I would think for some it's the acquihire, for some it's a way of preventing competition...
Yep they are bastards.

Watch Microsoft carefully.

What makes you think that CentOS was killed? It will be available and actively maintained.
> What makes you think that CentOS was killed?

Their own announcement yesterday.

> It will be available and actively maintained.

CentOS8 will not be after 31 December 2021, that's what they announced yesterday. CentOS7 will be, until 30 June 2024, according to their current status page, but who's going to trust them after what they pulled yesterday? Overnight, they changed CentOS8's End-of-life from 31 May 2029 to 31 Dec 2021. Surely you understand that that made a few people a bit upset.

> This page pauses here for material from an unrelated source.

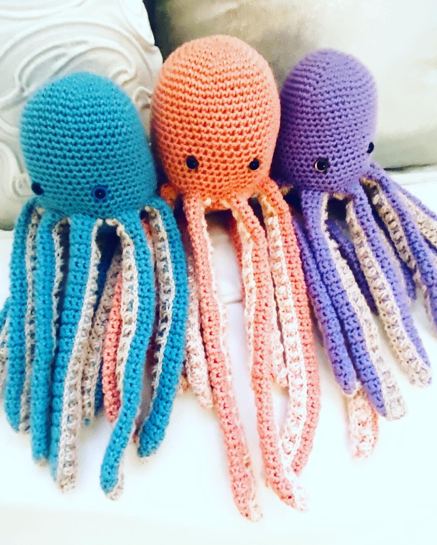 Mega schattige handmade gehaakte zeedieren, volledig baby-en kindveilig: oogjes zijn verankerd en kunnen niet los komen, kan volledig gewassen worden op 40°c in de wasmachine.

The only thing actively maintained in the future will be CentOS Stream, which is not CentOS classic as people understoond and used it. CentOS classic were RHEL-release clones without Redhat branding and support. CentOS Stream is RHEL-next Beta.

Just because CentOS Stream has "CentOS" in its name does not mean it's the same thing - CentOS, as is known currently, will effectively stop existing once CentOS7 is no longer supported (not to mention CentOS8 will not even be supported for previously announced period).
Yes, CentOS as a precise RH clone will be history, but there is still RH. CentOS will still be close to the next RH release and sufficiently behind Fedora to be stable by itself. So a good choice for many, who want a bit more current software than Red Hat but want to be more conservative than to go with Fedora. For many users an actual improvement. For those who want Red Hat, they should use Red Hat or one of its clones.
> For those who want Red Hat, they should use Red Hat or one of its clones.

That's the gripe. We were using one of its clones.